From the graphs below, we already know that up to 2017 the models have been wrong, and it is increasingly unlikely to expect more rather than less sea level rise by 2100 vs. the already exaggerated IPCC predictions.

Senior Researcher Questions Satellite Measurements of Global Sea-Level 1
Fig. 1 – Comparison of sea level rises predicted by the local panels [2] (BOS-NRC) and [3] (H++), predicted by the IPCC AR5 RCP8.5 (IPCC RCP8.5), and measured by the tide gauges (averages of different data sets, California-8, PSMSL-301, Mitrovica-23, Holgate-9, NOAA-199, US-71).
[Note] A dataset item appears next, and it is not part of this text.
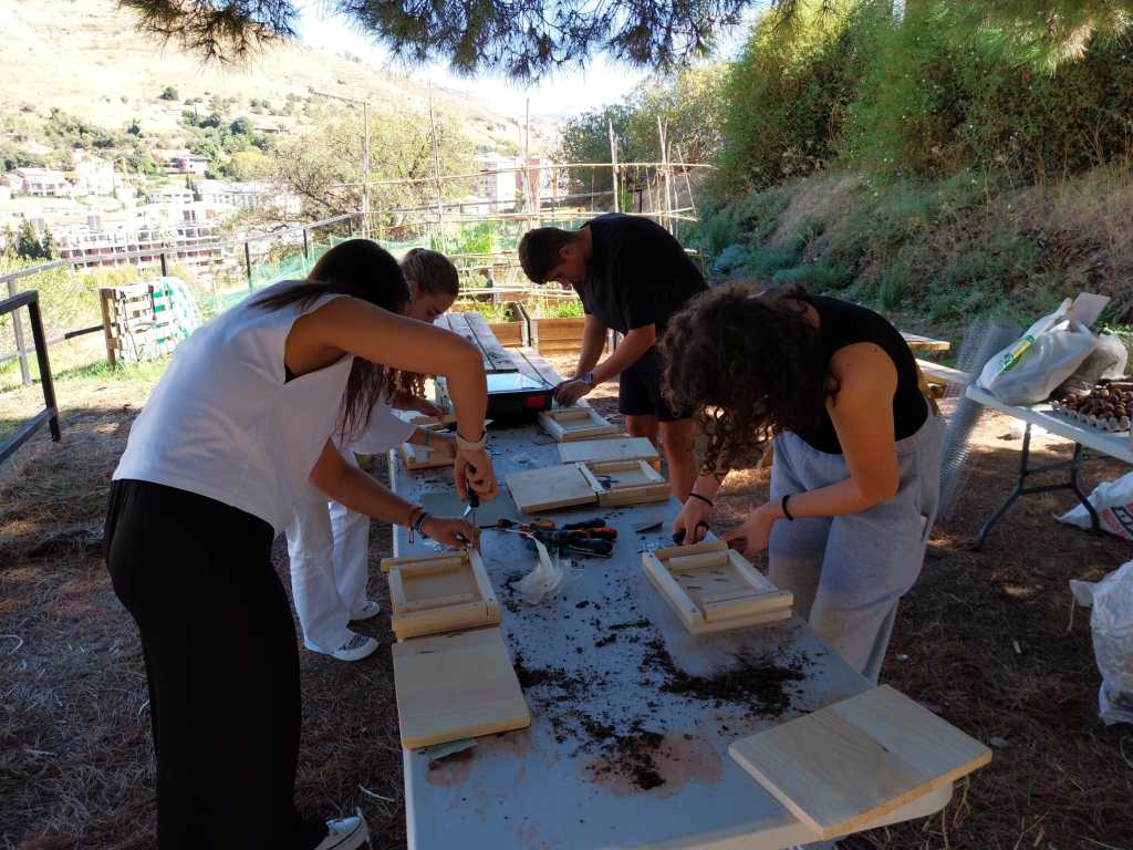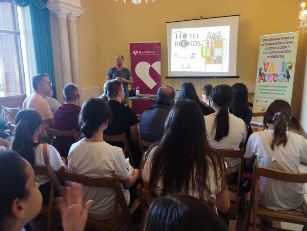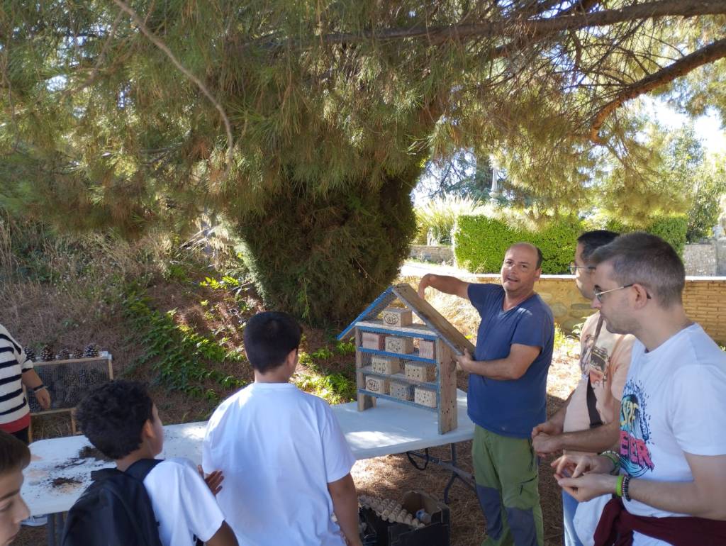 En la primera, un taller sobre Hoteles de Bichos, con un público constituido por alumnos de CES Santiago Ramón y Cajal y algunos inscritos individuales, a los que, tras una presentación de qué es eso de los hoteles de bichos, nuestros amigos de la Boronda enseñaron a crear sus bombas para polinizadores. Una propuesta complementaria a estos hoteles de bichos y que potencia su uso, al proveer a los mismos de un entorno natural más diverso en el que aparecen nuevas plantas atractivas para los polinizadores, que a su vez, pueden ser inquilinos de esos hoteles. Después, montamos uno de los hoteles creados por los amigos Vario Pinto del centro de Jabalcón, y pasamos de la teoría de la primera parte del taller a la práctica del montaje de una instalación tan singular.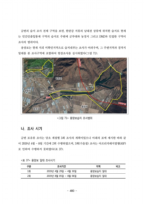 480 금번의 습지 조사 전체 구역을 보면 한탄강 지류의 남대천 상류에 위치한 습지로 현재 , 는 민간인출입통제 구역의 습지로 주변에 군부대와 농경지 그리고 와 인접한 구역이 DMZ 조사의 범위이다. 용양보는 현재 지뢰 미확인지역으로 습지내부는 조사가 어려우며 그 주변지역과 경작지 , 일대를 본 조사구역에 포함하여 현장조사를 실시하였다 그림 71 그림 71 용양보습지 조사범위 금번 포유류 조사는 당초 계절별 회 조사의 계획이었으나 아래의 표에 제시한 바와 같 3 이 년 월 월 기간에 회 수행하였으며 회 가을철 조사는 아프리카돼지열병 2019 4 8 2 , 3 ASF 로 인하여 수행하지 못하였다 표 37 구분 조사기간 지역 비고 회1 2019 4 29 4 30 년 월 일 월 일 용양보습지 일대 회2 2019 ...

Further details in [1].
Senior Researcher Questions Satellite Measurements of Global Sea-Level 2
Fig. 2 – Comparison of sea level rises by 2100 predicted by the local panels [2] (BOS-NRC) and [3] (H++), predicted by the IPCC AR5 RCP8.5 (IPCC RCP8.5), and inferred from tide gauge measurements of different data sets (California-8, PSMSL-301, Mitrovica-23, Holgate-9, NOAA-199, US-71). Further details in [1].
Ernest: We can see how highly politicized the issue of global warming and sea level rise has become over the past few decades. Do you feel that academia at places is politically influenced and there is need for greater independence and objectivity in scientific research today, especially in fields like climate and environment?

Albert Parker: The commercial academy model is completely broken, not only in research, but also in education. Today’s academic is definitively economically and politically driven, and greater independence and objectivity is certainly needed. I believe democracy and science may only progress through an open, free debate where nobody has the right to prevent the others from expressing their opinion.

Ernest: What are your current research interests or projects and what inspires them?

Albert Parker: I like to study many subjects in engineering, physics and natural sciences. I am interested in sustainability, the environment, energy efficiency, and medical studies. I believe science should be devoted to peaceful purposes for the benefit of all mankind.

Ernest: Albert, thank you so much for your time and I wish you the best ahead.

Albert Parker: Thank you for asking.

References

[1] Parker, A. & Ollier, C.D., CALIFORNIA SEA LEVEL RISE: EVIDENCE BASED FORECASTS VS. MODEL PREDICTIONS, Ocean and Coastal Management, Ocean & Coastal Management, Available online 19 July 2017, In Press, Corrected Proof. doi: 10.1016/j.ocecoaman.2017.07.008 http://www.sciencedirect.com/science/article/pii/S0964569117303071

[2] Board, Ocean Studies, and National Research Council “Sea-level rise for the coasts of California, Oregon, and Washington: past, present, and future.” National Academies Press, 2012

[3] Griggs, G, Árvai, J, Cayan, D, DeConto, R, Fox, J, Fricker, HA, Kopp, RE, Tebaldi, C & Whiteman, EA (California Ocean Protection Council Science Advisory Team Working Group). Rising Seas in California: An Update on Sea-Level Rise Science. California Ocean Science Trust, April 2017.